I'm searching for how and where spark allocates cores per executor in the source code. 我正在寻找spark在源代码中如何以及在哪里为每个执行者分配内核。 Is it possible to control programmaticaly allocated cores in standalone cluster mode? 是否可以在独立集群模式下控制以编程方式分配的内核?

Regards, Matteo 问候,Matteo

Spark allows for configuration options to be passed through the .set method on the SparkConf class. Spark允许通过SparkConf类的.set方法传递配置选项。

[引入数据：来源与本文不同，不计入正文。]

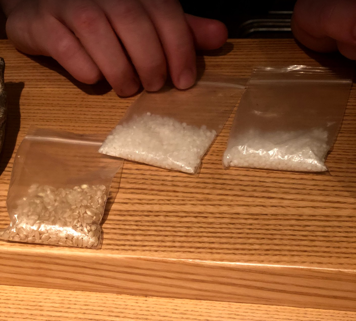 При этом, подача была такой, что ты понимал о чем напиток, до того как выпил его. Например, в металлической гладкой посудине — саке по рецепту из 1600х, с нотами клубники и на основе сильно шлифованного риса. В центре — саке с пузырьками, типа шампанского, поэтому и сосуд весь в мелких пузырьках. И справа — грубое, рубящее саке в грубой маленькой чашулине, шероховатой, будто она сделана из песка.

Here's some scala code that sets up a new spark configuration: 这是一些scala代码,用于设置新的spark配置:

new SparkConf()
  .setAppName("App Name")
  .setMaster('local[2]')
  .set("spark.executor.cores", "2")

Documentation about the different configuration options: 有关不同配置选项的文档:

http://spark.apache.org/docs/1.6.1/configuration.html#execution-behavior http://spark.apache.org/docs/1.6.1/configuration.html#execution-行为

I haven't looked through the source code exhaustively, but I think this is the spot in the source code where the executor cores are defined prior to allocation: 我没有详尽地查看源代码,但是我认为这是源代码中在分配之前定义执行程序核心的地方:

https://github.com/apache/spark/blob/d6dc12ef0146ae409834c78737c116050961f350/core/src/main/scala/org/apache/spark/scheduler/cluster/ExecutorData.scala https://github.com/apache/spark/blob/d6dc12ef0146ae409834c78737c116050961f350/core/src/main/scala/org/apache/spark/scheduler/cluster/ExecutorData.scala

In stand alone mode, you have following options: 在独立模式下,您有以下选择:

a. 一种。 While starting the cluster, you can mention how many cpu cores to be allotted for spark applications. 在启动集群时,您可以提及要为Spark应用程序分配多少个cpu内核。 This can be set both as env variable SPARK_WORKER_CORES or passed as argument to shell script (-c or --cores) 既可以将其设置为环境变量SPARK_WORKER_CORES,也可以将其作为参数传递给Shell脚本(-c或--cores)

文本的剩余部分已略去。